TASK PROMPT: Identify the line with "倦怠感があるなぁ…と思っても"; copy word for word that line and every one after it, to the end of the listing. Exclude pictures.

----- COLLECTED MATERIAL

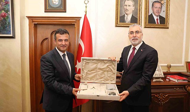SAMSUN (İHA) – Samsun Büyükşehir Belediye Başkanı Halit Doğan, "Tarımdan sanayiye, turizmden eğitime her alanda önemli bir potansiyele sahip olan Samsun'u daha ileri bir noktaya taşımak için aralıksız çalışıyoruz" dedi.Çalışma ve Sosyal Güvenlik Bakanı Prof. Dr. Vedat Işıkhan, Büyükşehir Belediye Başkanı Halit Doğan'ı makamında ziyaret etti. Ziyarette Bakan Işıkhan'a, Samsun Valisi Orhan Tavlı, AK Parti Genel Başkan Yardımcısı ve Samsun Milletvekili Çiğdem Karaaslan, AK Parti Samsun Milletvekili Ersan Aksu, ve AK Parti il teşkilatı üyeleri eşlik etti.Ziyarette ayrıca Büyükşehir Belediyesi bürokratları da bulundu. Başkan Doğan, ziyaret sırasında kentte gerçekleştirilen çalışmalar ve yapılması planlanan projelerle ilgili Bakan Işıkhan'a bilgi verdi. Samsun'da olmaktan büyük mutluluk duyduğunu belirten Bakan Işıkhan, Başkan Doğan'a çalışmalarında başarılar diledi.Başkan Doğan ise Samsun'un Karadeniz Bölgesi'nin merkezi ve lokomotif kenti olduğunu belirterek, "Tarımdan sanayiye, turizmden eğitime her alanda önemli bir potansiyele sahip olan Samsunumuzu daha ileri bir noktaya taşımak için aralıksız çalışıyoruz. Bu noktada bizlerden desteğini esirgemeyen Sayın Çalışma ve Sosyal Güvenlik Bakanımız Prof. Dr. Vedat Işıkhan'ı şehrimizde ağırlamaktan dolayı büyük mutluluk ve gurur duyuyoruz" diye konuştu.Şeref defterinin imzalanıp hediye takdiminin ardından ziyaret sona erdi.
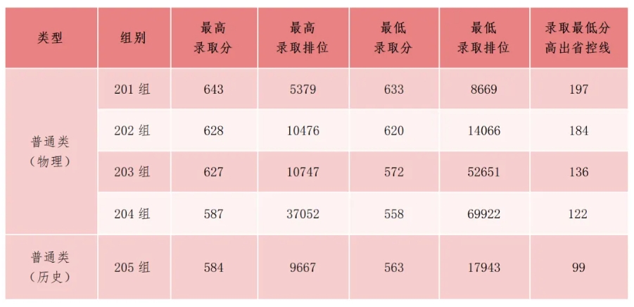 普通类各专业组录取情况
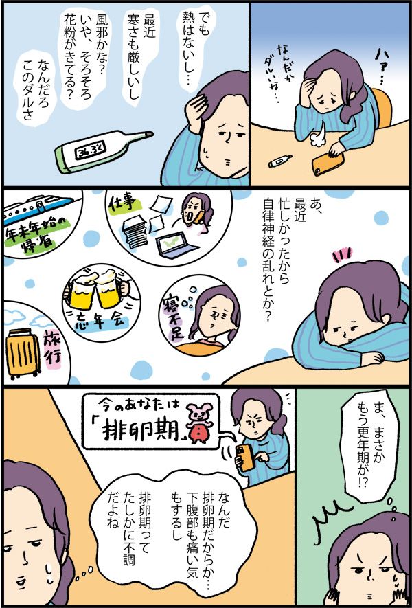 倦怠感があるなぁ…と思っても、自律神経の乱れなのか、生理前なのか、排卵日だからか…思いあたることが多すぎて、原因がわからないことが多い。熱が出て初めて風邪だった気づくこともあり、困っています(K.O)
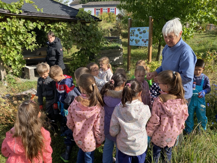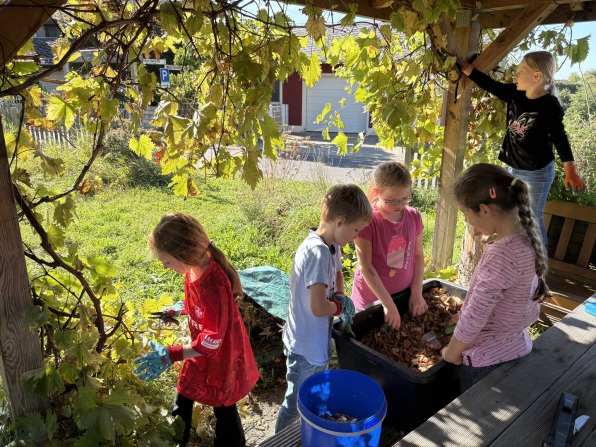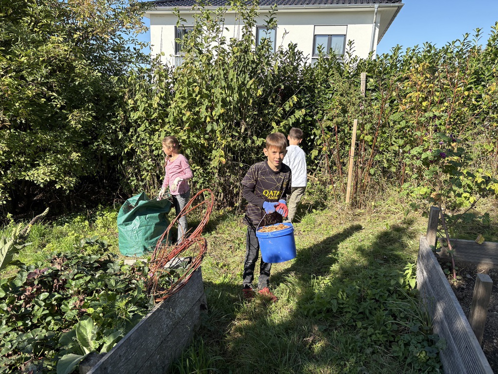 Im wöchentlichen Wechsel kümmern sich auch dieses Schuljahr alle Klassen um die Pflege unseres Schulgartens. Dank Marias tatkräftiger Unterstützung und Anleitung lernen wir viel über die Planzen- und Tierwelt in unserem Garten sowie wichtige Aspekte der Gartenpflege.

----------

SOLUTION:
 倦怠感があるなぁ…と思っても、自律神経の乱れなのか、生理前なのか、排卵日だからか…思いあたることが多すぎて、原因がわからないことが多い。熱が出て初めて風邪だった気づくこともあり、困っています(K.O)
 Im wöchentlichen Wechsel kümmern sich auch dieses Schuljahr alle Klassen um die Pflege unseres Schulgartens. Dank Marias tatkräftiger Unterstützung und Anleitung lernen wir viel über die Planzen- und Tierwelt in unserem Garten sowie wichtige Aspekte der Gartenpflege.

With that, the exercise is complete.